__THE TASK__.
In the records below, the line with "Red-Brown-Multi Poly Baroque" and every line after it must be written out exactly; no pictures belong in the result.

[Data records]

______________________________

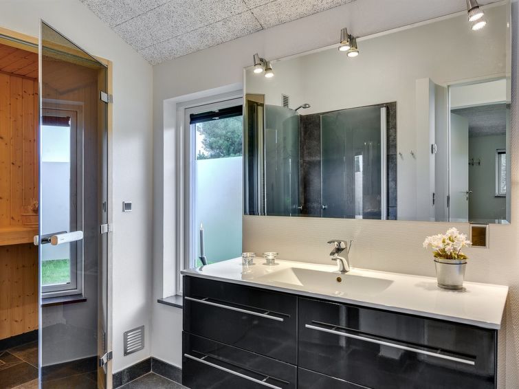 Enmannsbolig, bygget i 2013. 600 m fra sjøen. Privat: tomt 2'250 m2. Utendørs dusj, terrasse (90 m2), grill, grillplass, lekeplass (rutsjebane, huske). I huset: badstu, fotballsbord, trikkpolinje, vaskemaskin, tørketrommel. Parkering ved hbrukt. Daglivarehandel 1.5 km. Eieren godtar ikke noen ungdomsgrupper.
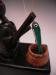 Japanese mid 20th century Kobe toy. This mechanical toy moves with the man lifting a fishing pole in one motion and pulling a fish out of a basket in the other. This piece is an artist signed piece with the artist's signature and seal on the bottom. The toy measures 2" wide, 2 1/4" deep and 7" tall (top of fishing pole). |
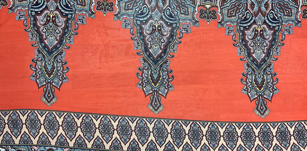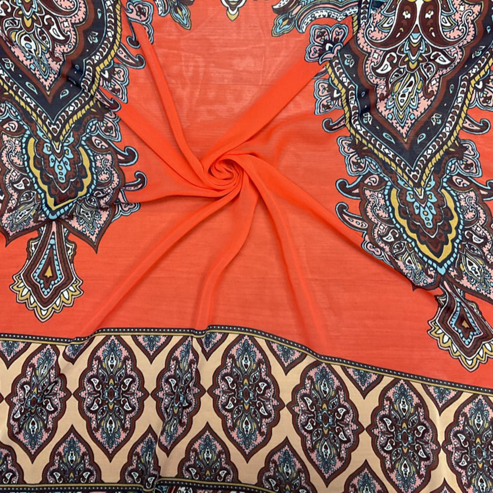 Red-Brown-Multi Poly Baroque Border Printed Chiffon Woven Fabric
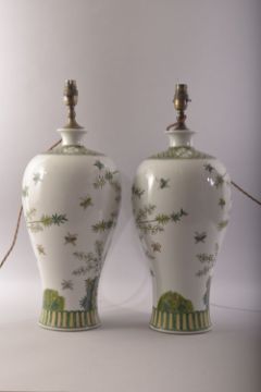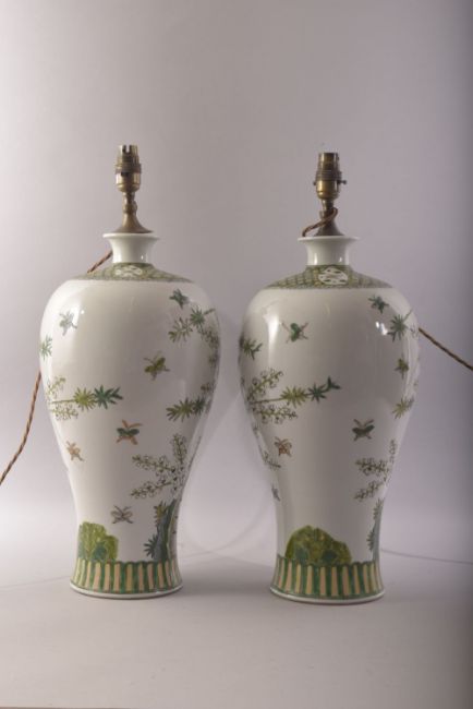 A GOOD PAIR OF CHINESE FAMILLE VERTE PORCELAIN VASE LAMPS, undrilled, painted with birds amongst blossom, mark to each base, each approx. 52cm high.
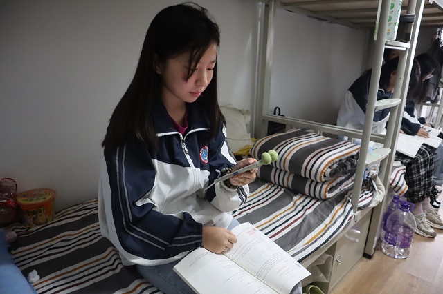 學生返校后在宿舍線上聽課
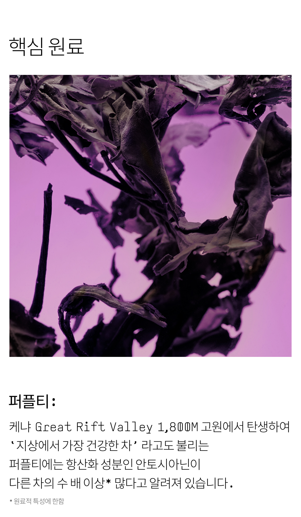 정제수, 글리세린, 녹차수(퍼플티수7.084%), 세틸에틸헥사노에이트, 마카다미아씨오일, 베타인, 펜타에리스리틸테트라아이소스테아레이트, 스쿠알란, 카프릴릭/카프릭트라이글리세라이드, 알부틴, 트레할로오스, 스테아릭애씨드, 아라키딜알코올, 시어버터, 글리세릴스테아레이트, 세테아릴알코올, 올리브오일, 녹차추출물(퍼플티추출물), 귤껍질추출물, 꾸지뽕나무열매추출물, 판테놀, 잔탄검, 베헤닐알코올, 아라키딜글루코사이드, 팔미토일트라이펩타이드-5, 알지닌, 카보머, 아데노신, 인도멀구슬나무꽃추출물, 아이비고드열매추출물, 로즈마리잎오일, 오렌지껍질오일, 베르가모트오일, 부틸렌글라이콜, 1,2-헥산다이올, 포트마리골드꽃추출물, 황금추출물, 모란뿌리추출물, 스페인감초뿌리추출물, 리모넨*, 리날룰* (*식물유래 에센셜오일 자체에 원래 포함된 성분)

______________________________

__ANSWER TO THE PROBLEM__.
 Red-Brown-Multi Poly Baroque Border Printed Chiffon Woven Fabric
 A GOOD PAIR OF CHINESE FAMILLE VERTE PORCELAIN VASE LAMPS, undrilled, painted with birds amongst blossom, mark to each base, each approx. 52cm high.
 學生返校后在宿舍線上聽課
 정제수, 글리세린, 녹차수(퍼플티수7.084%), 세틸에틸헥사노에이트, 마카다미아씨오일, 베타인, 펜타에리스리틸테트라아이소스테아레이트, 스쿠알란, 카프릴릭/카프릭트라이글리세라이드, 알부틴, 트레할로오스, 스테아릭애씨드, 아라키딜알코올, 시어버터, 글리세릴스테아레이트, 세테아릴알코올, 올리브오일, 녹차추출물(퍼플티추출물), 귤껍질추출물, 꾸지뽕나무열매추출물, 판테놀, 잔탄검, 베헤닐알코올, 아라키딜글루코사이드, 팔미토일트라이펩타이드-5, 알지닌, 카보머, 아데노신, 인도멀구슬나무꽃추출물, 아이비고드열매추출물, 로즈마리잎오일, 오렌지껍질오일, 베르가모트오일, 부틸렌글라이콜, 1,2-헥산다이올, 포트마리골드꽃추출물, 황금추출물, 모란뿌리추출물, 스페인감초뿌리추출물, 리모넨*, 리날룰* (*식물유래 에센셜오일 자체에 원래 포함된 성분)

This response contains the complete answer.